While AI21’s initial product, Wordtune, targeted individual consumers, the company’s core foundational models now cater to enterprise customers. Specifically, AI21’s ideal customers are companies in industries with low tolerance for errors and some prior experience with AI who are hoping to optimize performance. These customers usually run average-sized production workloads and tend to prioritize latency and accuracy over basic adoptions. Shoham said,

"We’re talking about almost zero errors. At the organizations using Jamba, we’ve come across almost nothing bizarre… For example, we work with One Zero, a digital bank. They have an AI-based customer service system and want to provide reliable automated responses to customers. Think of questions like, 'What is my checking account balance?' or 'What is the best investment option for me?'”

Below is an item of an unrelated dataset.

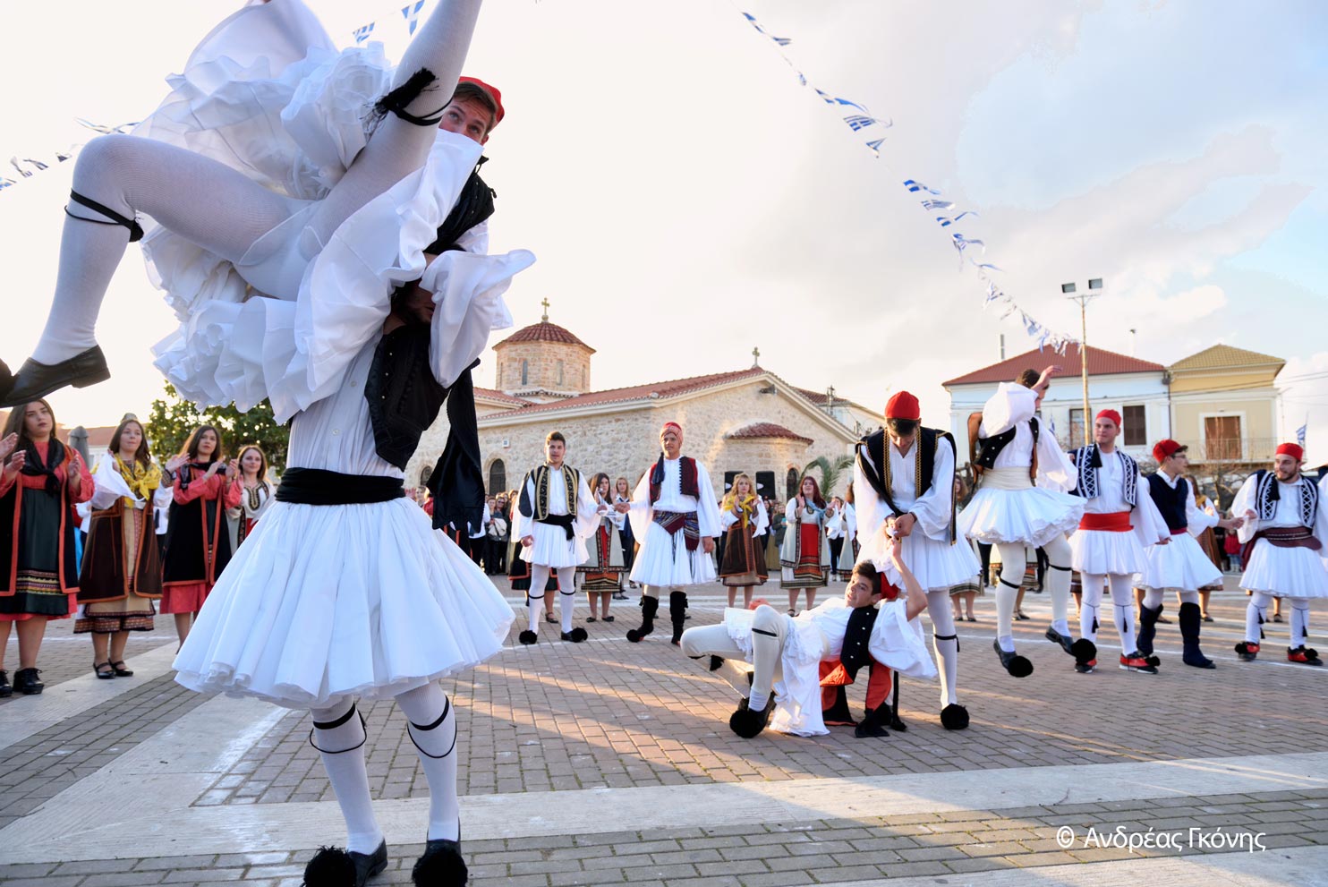 Ωστόσο το απόγευμα με καλό καιρό πραγματοποιήθηκαν οι παραδοσιακοί χοροί από τους μαθητές της πόλης σε μια κατάμεστη από κόσμο κεντρική πλατεία. Τα παιδιά χειροκροτήθηκαν θερμά για την λεβεντιά τους και την πραγματικά εντυπωσιακή παρουσία τους που ξεσήκωσαν το κοινό.

The company says it serves many Fortune 100 companies and its customers span multiple countries and industries including software (Capgemini, Lightricks, Jenni, Tweet Hunter), entertainment (Ubisoft, Lattitude), data analytics (Clarivate), fintech (One Zero, Rapyd, Tipalti), nonprofit (Harambee Youth Employment Accelerator), edtech (Educa Edtech), hospitality (Easyway), HR (Glassdoor), and retail (Fnac).

The French retailer Auchan deployed AI21’s systems to generate product descriptions from images. The multinational retail chain Fnac used the Jamba 1.6 for inventory data classification and saw a 26% improvement in output quality and a 40% decrease in latency. A digital banking company found that the Jamba Mini 1.6 model scored 21% higher on precision compared to its predecessors, matching OpenAI’s GPT-4o.

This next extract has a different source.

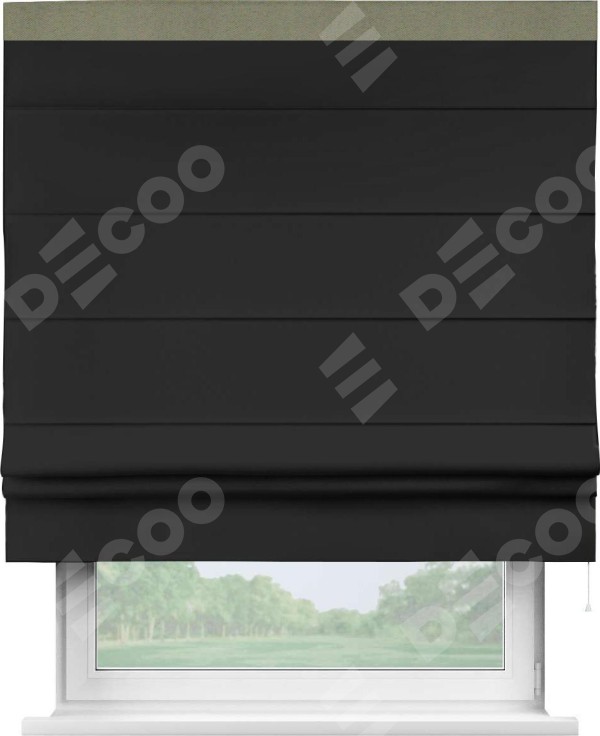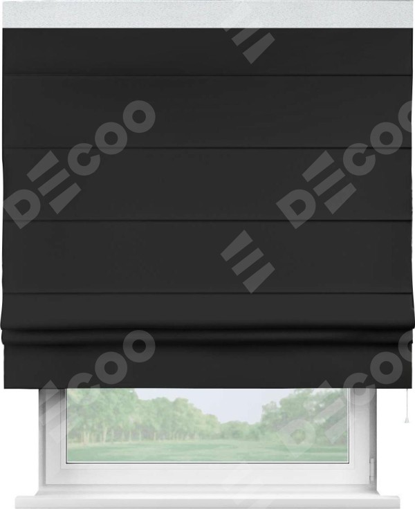 Римская штора «Cortin» для проёма, блэкаут однотонный черный с кантом Кинг

Many customers also mix and match models. An executive of Latitude, an AI-generated game company, said that they were originally among OpenAI’s first customers but weren’t thrilled about the product due to misaligned content. Now, they use AI21 Labs for most of their premium models and have been largely satisfied with its performance, citing the ability to fine-tune specialized models and responsive customer service. He said,

“I think AI21’s models are pretty good... They’ve made improvements over time that helped them reduce the cost and increase performance and lots of things like that… AI21 has been a great partner to us.”

However, he isn’t convinced that AI21 has a defensible moat. He says that its models are still “lagging behind OpenAI” and that “ChatGPT is winning by a wide margin in the preference data.” For them, OpenAI is also “significantly cheaper.”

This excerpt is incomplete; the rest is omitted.